Remembering the Holocaust

The Prime Minister, David Cameron, announced in parliament today that a ‘significant’ memorial is to be built in London, in Victoria Tower Gardens, right beside parliament, so that we will continue to remember the victims of this very dark chapter of European history.

Does this do anything to amplify the strength of our humanitarian principles when it comes to our domestic and foreign policy? Or are these fine-sounding words simply designed to build stronger links with a strategic ally in a troubled region? Cameron’s words beg the question ‘are we prepared to ignore humanitarian principles for strategic reasons, or do we, as a nation, stand up for truth and justice’?

David Cameron also spoke briefly in parliament today about the humanitarian crisis facing Europe. In what might have been a momentary slip he referred to individuals fleeing from bombed-out, war-torn areas as a ‘bunch of migrants’. In July 2015 the Prime Minister also, in a moment of frustration, let the truth slip from behind his mask in referring to the refugees as a ‘swarm’. He had to be reminded by Labour’s acting leader, Harriet Harman, that he was referring to people and not to insects.
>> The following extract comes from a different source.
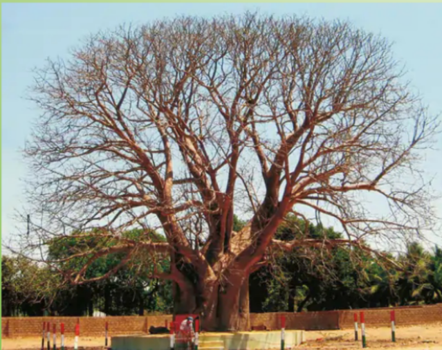
જૂનાગઢના માંગરોળ તાલુકાના હુસેનબાદ ગામે સૌથી મોટું રુખડા (બાઓબાબ)નું વૃક્ષ

ઝાડ હેરિટેજ છે તે કેવી રીતે નક્કી થાય છે? વન વિભાગ દ્વારા મહત્વના વૃક્ષોની યાદી તૈયાર થાય છે. પછી એક્સપર્ટ પેનલ દ્વારા વૃક્ષોના માપદંડ નક્કી થાય છે, જેમ કે, સૌથી મોટું વૃક્ષ, સૌથી વધારે આયુષ્ય ધરાવનાર વૃક્ષ, અસામાન્ય વૃક્ષ, આ પ્રકારની વ્યાખ્યામાં બંધબેસતા વૃક્ષોને હેરિટેજ જાહેર કરવામાં આવે છે. સદીઓથી અડીખમ ઊભેલું વૃક્ષ પણ હેરિટેજ ગણાય.

Such language does nothing to humanise the refugee problem or to suggest that the government’s top priority in response to the plight of the refugees is to be humane. Such is Cameron’s response to the call from the United Nations that rich nations join together to rescue children from refugee camps and to calls from the international community to each take our fair share of the burden of the refugee crisis.

In an uncomfortable reminder of Nazi treatment of the Jews during WWII the Danish parliament has backed this week a controversial policy to seize valuables from asylum seekers and to make it harder for them to be reunited with their families. The idea seems to be to treat displaced, disadvantaged people very badly so that they ‘won’t choose to seek asylum here’. The problem is that they have no other choice but to seek asylum. They risk their lives and drown in their thousands in the Mediterranean fleeing from tyranny and seeking a place of refuge. I say that if we do not help these people we have forgotten the holocaust and no number of memorials will exonerate us.  
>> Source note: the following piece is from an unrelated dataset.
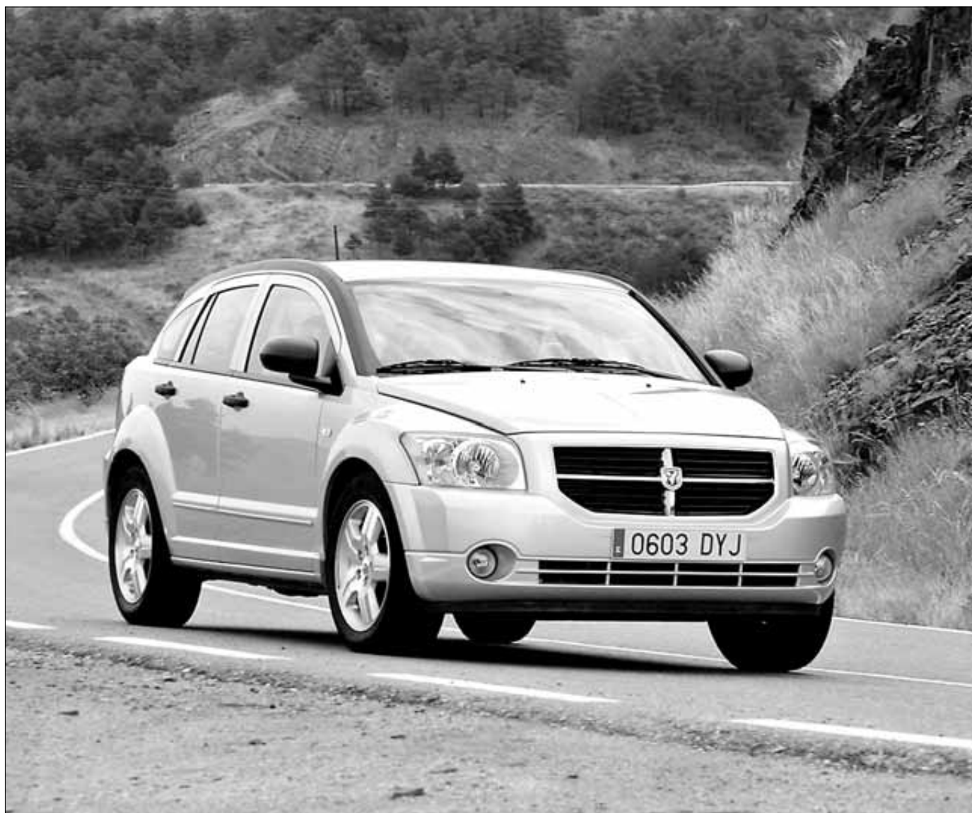
El Caliber es un coche con muchas posibilidades en uno sólo, por lo que tiene un mercado atractivo

No se olvida Dodge del apartado de seguridad en el que ofrece dos airbags frontales, airbags de cortina que protegen las plazas delanteras y las traseras. ABS con distribución electrónica de la frenada EBD. Programa electrónico de estabilidad ESP con asistencia a la frenada de emergencia y

Remembering the holocaust should be about much more than feeling bad about what happened in WWII, it is about making sure that we do not participate in the annihilation of innocent victims of war, that we make sure we recognise grotesque cruelty as it is happening, that we take steps to act with humanity to help our fellow man, that we reach out and lend a hand, that we stand up against injustice. Memorials are political statements, but the statement I wish to hear is one which underlines our support for the displaced victims of war, not just with our military allies in the region, and that we ally ourselves, always, with the moral high ground and not with perpetrators of war, violence and injustice. Anything else is mere posturing and a disgrace.